Diaz recalls a time when there was free parking in Chinatown and free admission to places like the Classical Chinese Garden. He and his family would visit the Newtown Bakery, a well-known legacy establishment that recently raised concerns about the neighbourhood’s safety.
When Diaz moved to the area six years ago, he says, “It was bad, but it wasn’t this bad.”
“With that said, I don’t want to scare people because, honestly, in the last few months, it’s starting to get better.”
Diaz painted an interesting picture with an analogy about the issues in Chinatown — “It’s like driving a car.”
He says you don’t think you’ll get into a car accident every day, but you still try your best to be aware of the dangers.
“Yeah, we have a little bit of a bumpy road, and there’s a lot of erratic drivers, and you gotta be safe.”
The Downtown Eastside’s impact on Chinatown
It isn’t possible to talk about the situation in Chinatown without talking about the Downtown Eastside. Many of the neighbourhood’s problems likely stem from mental health and substance abuse issues in the Downtown Eastside. This is something that business owners in Gastown and downtown Vancouver have also experienced.
In the last year or two, we’ve reported on several stories about random stranger attacks in the area. But, unfortunately, that isn’t a reality exclusive to Chinatown, and we’ve seen it in other parts of Vancouver.
For business owners like Diaz, the reality of crime also comes with a financial burden.

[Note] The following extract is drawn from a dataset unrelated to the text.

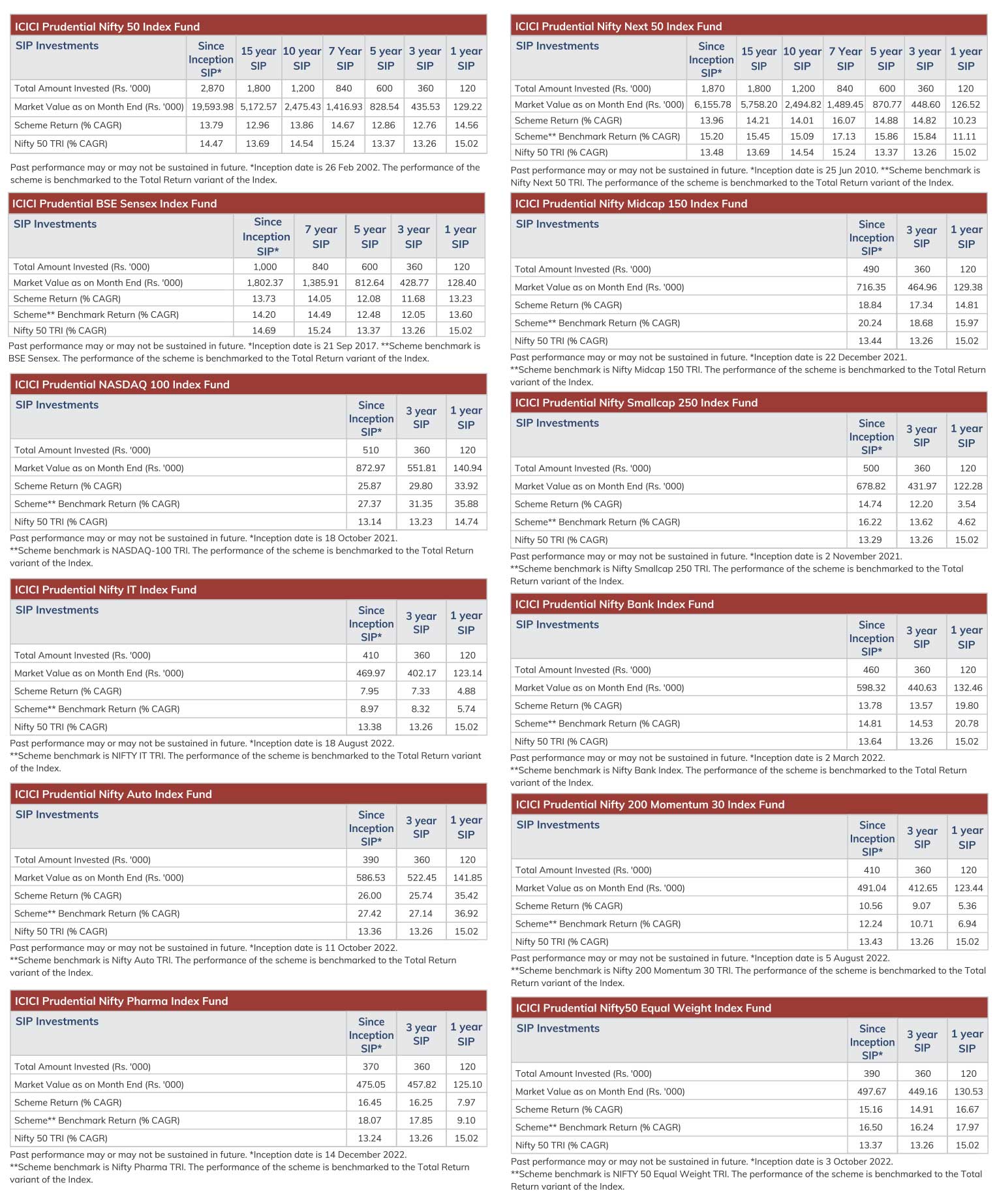 ICICI Prudential Nifty 50 Index Fund ICICI Prudential Nifty Next 50 Index Fund ICICI Prudential BSE Sensex Index Fund ICICI Prudential Nifty Smallcap 250 Index Fund ICICI Prudential Nifty Midcap 150 Index Fund ICICI Prudential Nifty LargeMidcap 250 Index Fund ICICI Prudential Nifty 500 Index FundDebt Index Funds

Fixing randomly broken windows isn’t cheap for a business owner trying to pay the bills. We’ve heard from other business owners about similar fates.

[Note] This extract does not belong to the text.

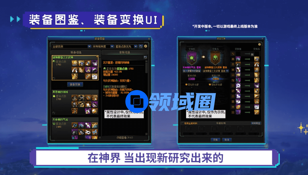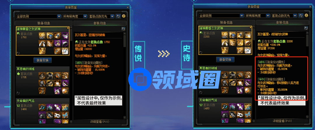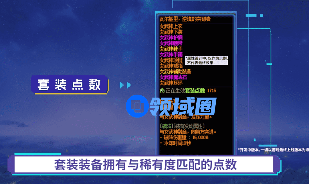 为此,即将到来的重泉新版本,删除了自定义装备,引入了一套全新的装备玩法体系。首先,新增套装点数系统,从目前官方公布的信息来看,套装的散件将会以稀有、神器、史诗等不同稀有度区分,每个稀有度的装备将会提供特定的点数,当点数达到一定的阈值,套装将会带来不同的属性提升或是特殊效果。

The City of Vancouver recently pledged $2 million to improve the situation in Chinatown, a move that Diaz applauds. But, like others, he feels the Downtown Eastside needs to be addressed more thoroughly.
Even something as simple as making the neighbourhood brighter at night with more lights would go a long way, according to Diaz. He also thinks offering free parking would help welcome people to the area. In addition, Diaz would like to see more cultural events and festivals come to the area, like the recent LunarFest, which drew huge crowds.
Diaz says that his crew at Diaz Combat Sports has had to help neighbouring businesses with rampant theft by chasing after thieves on numerous occasions.
While others have either left the neighbourhood or expressed sentiments suggesting they would, that isn’t an idea that has even crossed Diaz’s mind. Instead, he wants to stay in Chinatown and be part of the community that helps restore it to its former glory.
Last year, Diaz put together a commercial about Chinatown and Diaz Combat Sports:
View this post on Instagram
In the end, Diaz wants the fear-mongering by the public and media to stop, and he wants the public to know that while the situation isn’t perfect, it isn’t a reason to avoid the neighbourhood.
He also wants you to know that the coconut buns at New Town Bakery are fricking amazing.